- Born: 18 October 1874 Braine-le-Comte, Belgium
- Died: 19 August 1900 (aged 25) Uvira, Congo Free State
- Occupation: Soldier

= Paul Léon Delwart =

Paul Léon Delwart (18 October 1874 – 19 August 1900) was a Belgian officer in the Force Publique of the Congo Free State.

==Early years==
Paul Léon Delwart was born on 18 October 1874 in Braine-le-Comte, Belgium, son of Léon Delwart and Carlotte Vandermies.
He entered the Military School in 1894, and was made a second lieutenant on 18 December 1896.
He was assigned to the first regiment of chasseurs à pied (light infantry).

==Congo service==
In 1897 Delwart volunteered to serve in the Force Publique of the Congo Free State, and was accepted.
He left Antwerp on 6 October 1897 and arrived in Boma on 30 October 1897.
He was assigned as a sub-lieutenant of the Force Publique to the Rubi–Uele zone.
He reached Djabir on 22 January 1898 and took command of the station.
He developed anemia and in June 1898 was forced to return to Boma.
Delwart spent a few days in hospital, then joined the battery of Fort de Shinkakasa.
However, his illness had not been cured and on 25 September 1898 he left for Europe.

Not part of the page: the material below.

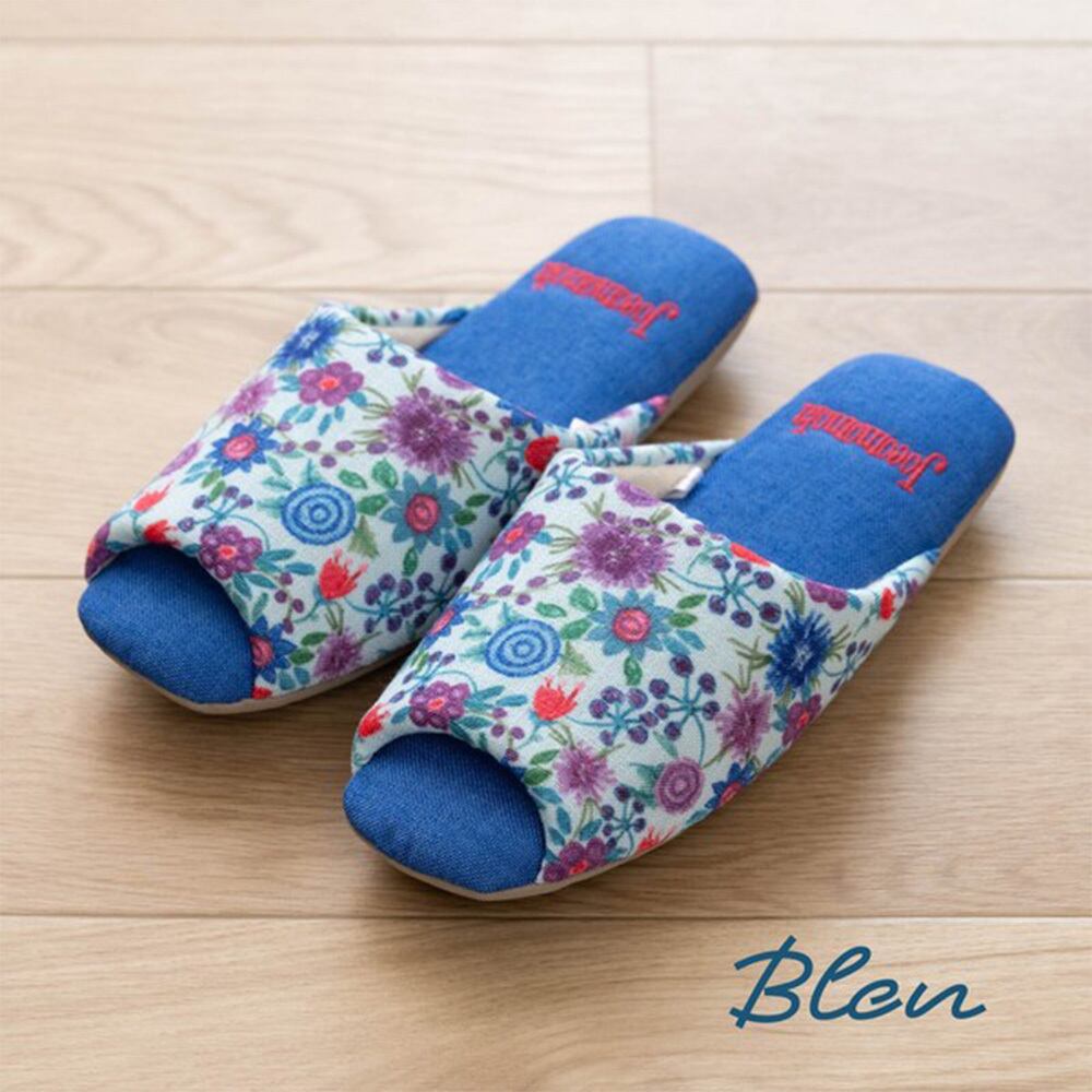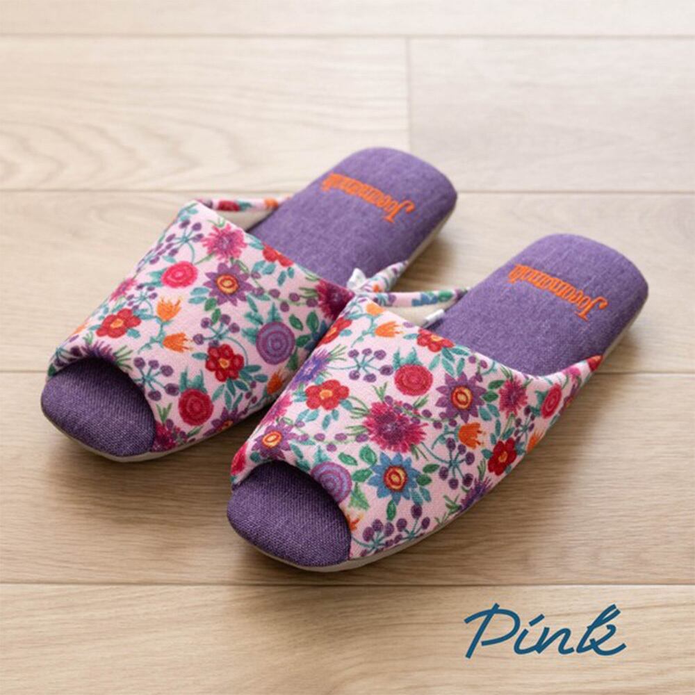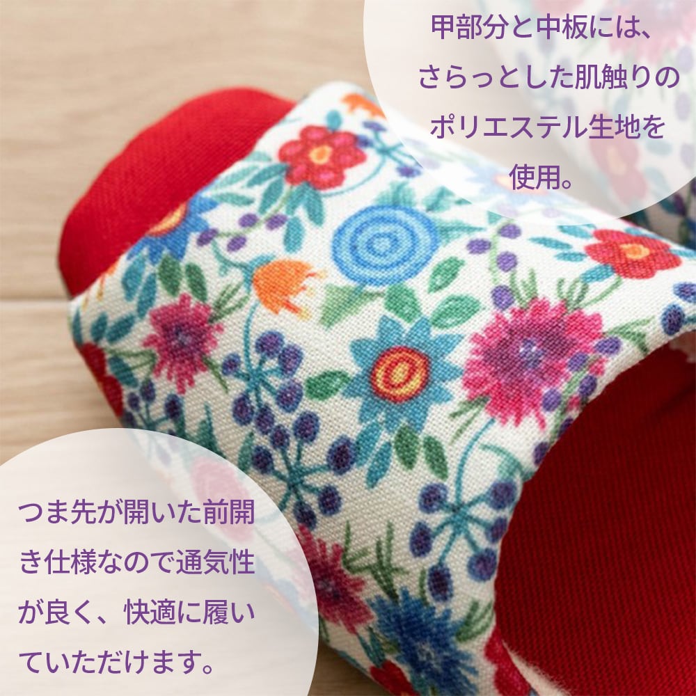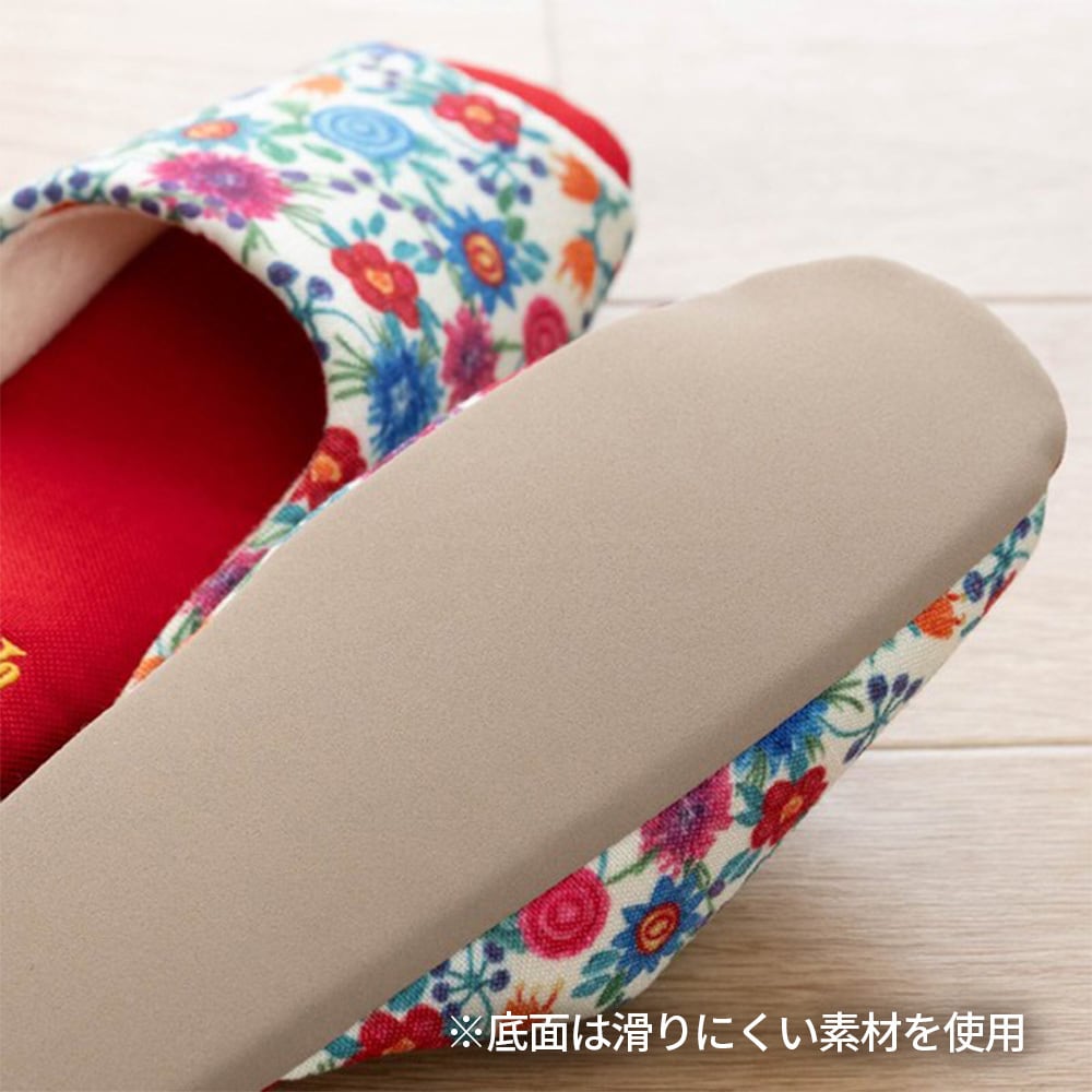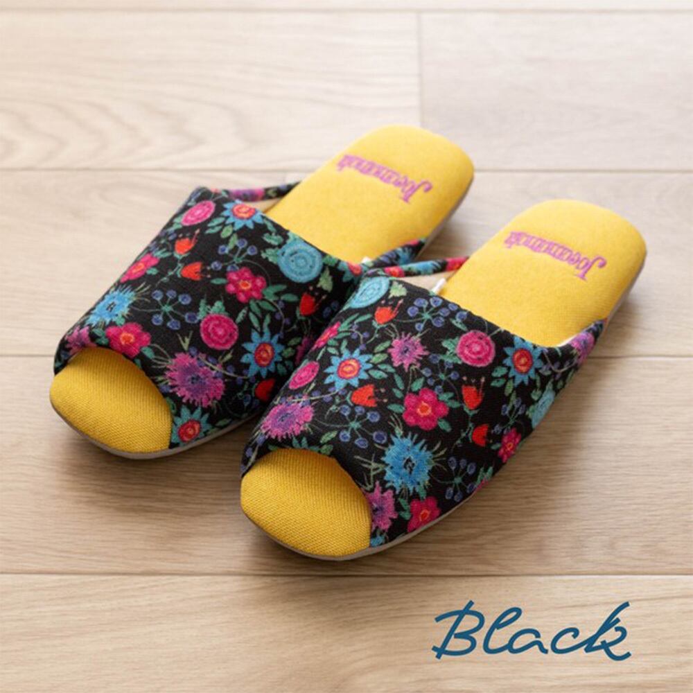 ホコモモラらしいカラフルでポップな花柄が目を惹く、前開きタイプのスリッパ。

On 8 June 1899 Delwart left Antwerp again, with the rank of lieutenant.
He arrived in Boma on 1 July 1899 and was assigned to command the special contingent of the Force Publique in Orientale Province.
He travelled to Uvira (Note: The official biography states that Delwart travelled to Ujiji to take up his command, where he died. This must be an error, since Ujiji was in German East Africa. Another source notes that Delwart was in command in Uvira.) to take up his command, but developed hematuria.
Delwart died in Uvira on 19 August 1900.
Frederik-Valdemar Olsen replaced Delwart in Uvira as leader of the elite Belgian company in the Ruzizi–Kivu region.